Evolution has a large number of concepts though and it infers a Big Bang and a Spark of Life for it to work. While you won't get me biting on those two tickets, I know evolution is solid science. I think a lot of Creationists would bite on evolution if the spark of life wasn't part of the equation. I mean Creationism says how it all started, and evolution says how everything is changing since it began. Just looking at it that way it makes sense. While I can't tell you how old the world is, I can rest assuredly say that evolution works in this post fall of man world.

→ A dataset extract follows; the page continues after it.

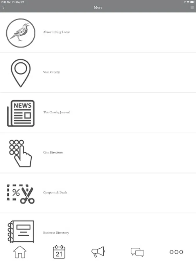 The Crosby app is an app designed for residents and visitors of Crosby, ND. The app is a community-reflective app that connects and empowers Crosby residents and visitors with critical, timely and relevant content they want to see. Content includes but not limited to articles, events, videos and resources.
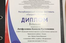 Поздравляем Лотфуллину Камилу, студентку 3 курса группы №537Д/9, занявшую 1 место в Республиканском конкурсе - фестивале «Патриоты России!»

No, actually the big bang cannot be inferred from evolution. One can infer that the earth must have been around more than 6,000 years as evolution needs some time to account for all the changes documented in the fossil evidence.
However, historically, the discovery was the other way around. That the earth was very old was a discovery of geology. That opened the door to the possibility of evolution. In fact, one of the influences on Darwin was reading Charles Lyalls'
Principles of Geology which he took with him on the
Beagle. So historically it was evolution that was inferred from an old earth, not an old earth that was inferred from evolution.
Furthermore, at the time, the scientific possibilities included a universe that was infinite in time and space, not one that was finite and had a definite beginning. A universe with a beginning was a religious doctrine that had no scientific support until big bang was proposed.
Abiogenesis (spark of life) is not really "part of the equation" either though many creationists assume that it is. However, since there is active research into a natural origin of life, I expect this will remain a point of contention. If we do find a natural pathway for life to emerge from non-life we will have a smooth line of causation from the physics of big bang to galaxy and planet formation to the chemistry that gave us simple life and on through evolution to complex life.
The basic problem with creationism is that it cannot reconcile such a smooth line of continuous natural causation with belief in a creator. Creationism needs gaps into which to insert miracles not possible through natural causation. Without those gaps, those miracles, the creationist has no God.